• DATA TO USE:

======

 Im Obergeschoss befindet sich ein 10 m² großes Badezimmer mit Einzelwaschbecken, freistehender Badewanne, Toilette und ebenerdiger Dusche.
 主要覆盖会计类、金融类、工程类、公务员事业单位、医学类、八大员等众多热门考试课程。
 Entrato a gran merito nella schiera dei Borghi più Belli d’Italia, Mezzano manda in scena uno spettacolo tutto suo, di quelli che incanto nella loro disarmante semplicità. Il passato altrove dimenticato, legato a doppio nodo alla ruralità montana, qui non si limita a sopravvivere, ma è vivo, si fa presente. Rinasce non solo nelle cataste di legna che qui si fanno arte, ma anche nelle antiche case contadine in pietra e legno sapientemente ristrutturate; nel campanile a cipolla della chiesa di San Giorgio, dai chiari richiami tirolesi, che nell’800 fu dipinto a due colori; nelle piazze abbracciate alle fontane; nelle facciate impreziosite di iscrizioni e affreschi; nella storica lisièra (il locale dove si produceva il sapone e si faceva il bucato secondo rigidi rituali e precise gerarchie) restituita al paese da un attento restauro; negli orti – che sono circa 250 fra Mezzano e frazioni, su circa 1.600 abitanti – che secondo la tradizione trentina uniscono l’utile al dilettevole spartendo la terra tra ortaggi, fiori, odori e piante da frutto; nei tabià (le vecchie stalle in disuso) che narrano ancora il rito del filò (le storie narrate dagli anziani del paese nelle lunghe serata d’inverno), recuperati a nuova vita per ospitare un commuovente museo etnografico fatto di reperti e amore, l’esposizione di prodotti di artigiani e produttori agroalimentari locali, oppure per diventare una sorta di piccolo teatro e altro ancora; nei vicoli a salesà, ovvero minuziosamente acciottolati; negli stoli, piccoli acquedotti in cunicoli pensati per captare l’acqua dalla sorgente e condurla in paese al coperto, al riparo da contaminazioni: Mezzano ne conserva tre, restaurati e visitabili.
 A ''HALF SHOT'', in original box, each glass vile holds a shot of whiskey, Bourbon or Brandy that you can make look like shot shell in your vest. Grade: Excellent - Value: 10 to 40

======

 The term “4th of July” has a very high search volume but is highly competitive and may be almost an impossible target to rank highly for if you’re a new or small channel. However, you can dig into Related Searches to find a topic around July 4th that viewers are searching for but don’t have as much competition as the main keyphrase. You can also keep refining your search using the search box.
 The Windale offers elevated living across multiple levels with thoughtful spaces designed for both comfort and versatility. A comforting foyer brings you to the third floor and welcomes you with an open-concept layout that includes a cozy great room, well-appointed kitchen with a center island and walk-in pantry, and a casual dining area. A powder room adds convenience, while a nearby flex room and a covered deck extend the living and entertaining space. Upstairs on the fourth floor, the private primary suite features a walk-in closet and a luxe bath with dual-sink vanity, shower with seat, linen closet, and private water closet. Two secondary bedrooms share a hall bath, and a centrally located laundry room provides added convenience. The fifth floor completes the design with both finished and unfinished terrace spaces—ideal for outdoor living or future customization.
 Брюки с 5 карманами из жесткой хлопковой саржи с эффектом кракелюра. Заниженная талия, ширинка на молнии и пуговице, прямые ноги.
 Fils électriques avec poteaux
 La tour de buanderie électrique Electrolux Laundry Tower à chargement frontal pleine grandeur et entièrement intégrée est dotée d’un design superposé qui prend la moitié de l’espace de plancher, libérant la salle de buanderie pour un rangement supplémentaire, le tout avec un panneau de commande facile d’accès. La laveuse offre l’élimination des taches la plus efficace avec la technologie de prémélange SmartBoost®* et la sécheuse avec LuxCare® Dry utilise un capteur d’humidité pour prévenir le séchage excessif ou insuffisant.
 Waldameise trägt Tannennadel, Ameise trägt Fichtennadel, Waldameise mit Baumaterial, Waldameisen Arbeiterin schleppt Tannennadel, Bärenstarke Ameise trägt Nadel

======

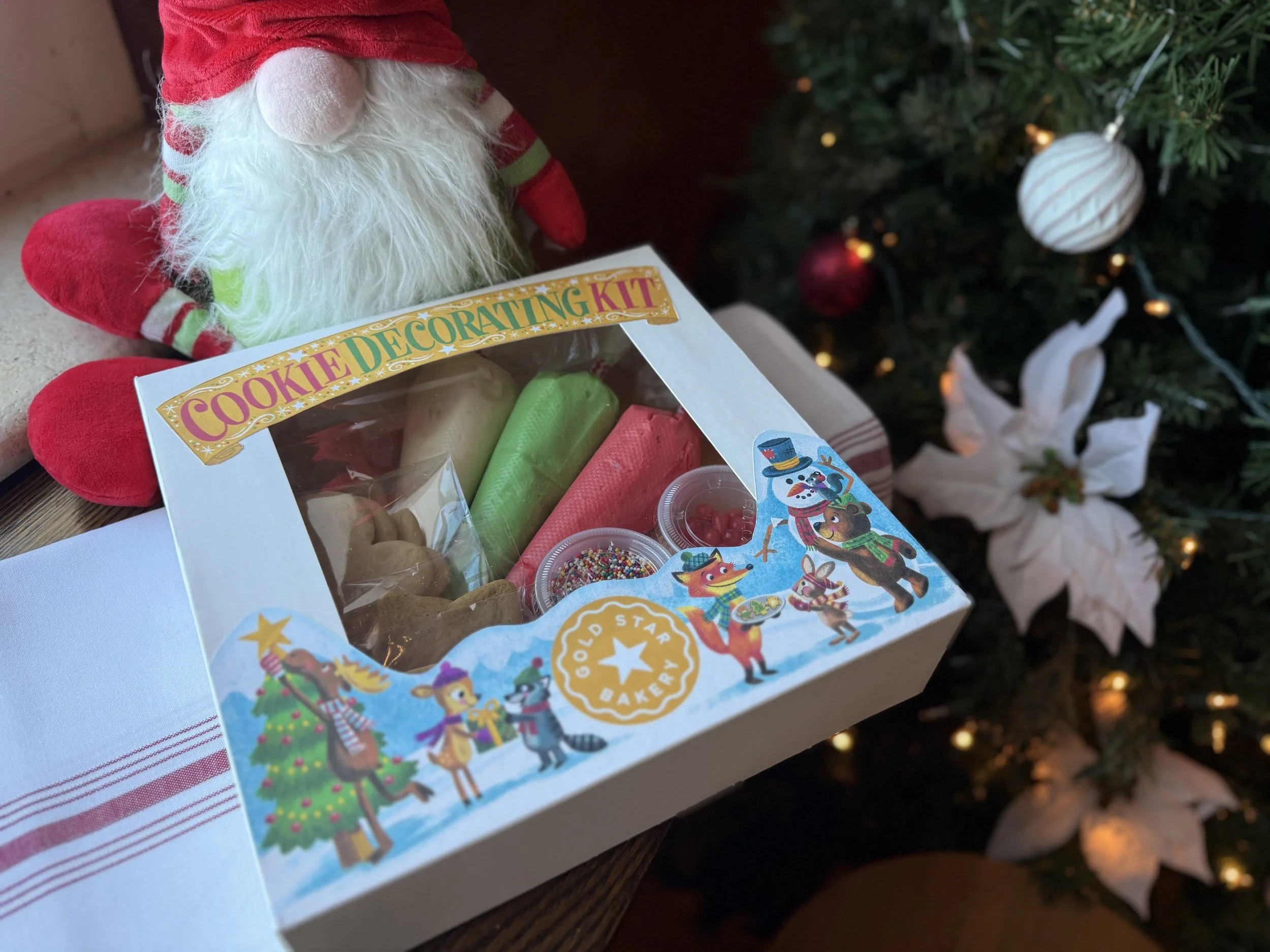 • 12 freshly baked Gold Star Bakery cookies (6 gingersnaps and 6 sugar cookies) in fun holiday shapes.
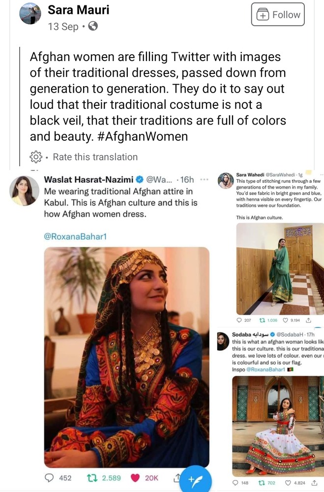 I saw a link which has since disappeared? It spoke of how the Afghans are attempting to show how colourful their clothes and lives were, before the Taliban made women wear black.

======

• TASK ITEM:
Please transcribe only the lines in the records above running from the line that has "Im Obergeschoss befindet" through the line that has "主要覆盖会计类、金融类、工程", both included, exactly as they appear.

• ANSWER AREA:
 Im Obergeschoss befindet sich ein 10 m² großes Badezimmer mit Einzelwaschbecken, freistehender Badewanne, Toilette und ebenerdiger Dusche.
 主要覆盖会计类、金融类、工程类、公务员事业单位、医学类、八大员等众多热门考试课程。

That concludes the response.